This is a guide on how to have destructible foliage such as in games like Valheim, and Rust. It’s developed with Replication and Multiplayer in mind, and works without spawning any new actors, all handled in InstancedStaticMesh Components and a GameState component.
I started with looking at World Partition and PCG to manage this, dividing the world into cells and tracking resource state per cell. While I do use World Partition in my project, I realized this system doesn’t actually need it. Instanced Static Meshes already come with built-in culling and visibility, and layering cell-based state management on top would only add complexity without real performance gains.
Left = Authority Server, Right = Client.
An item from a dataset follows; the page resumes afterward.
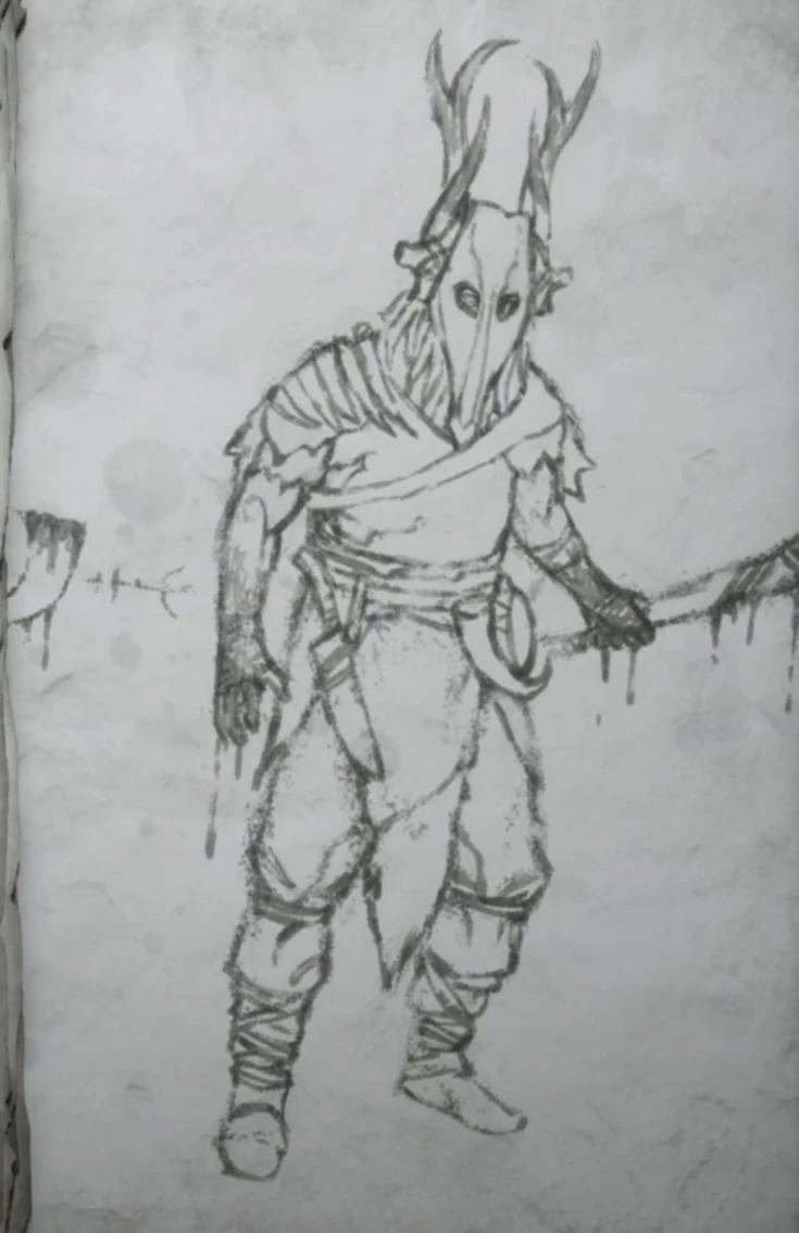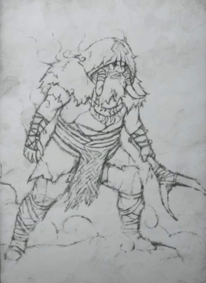 | Draugr | Mother said that Draugr were warriors who died, but their souls were too stubborn and angry to stop fighting. They'd fight off the Valkyrie that came to collect them, and bring their own dead bodies back to life... warping and twisting their previous form into something else. Now they're husks of their former selves, and fight anybody they can find. She also said they can come back in all different shapes and sizes and that some even have powers that others may not.

Ignore the vertical line, it’s for visual debugging
The Setup
Instead of individual actors, lean into Unreal’s strengths: Procedural Content Generation (PCG) for placement and Instanced Static Meshes (ISMs) for rendering.
Here’s the setup:
- Create a blueprint actor (with
Replicatesset totrue) and place it in your level, i.e. “RockSpawner”. - Give it a Box Collision component to define the spawn area
- Configure a PCG graph to procedurally place your resources using our custom ISM component.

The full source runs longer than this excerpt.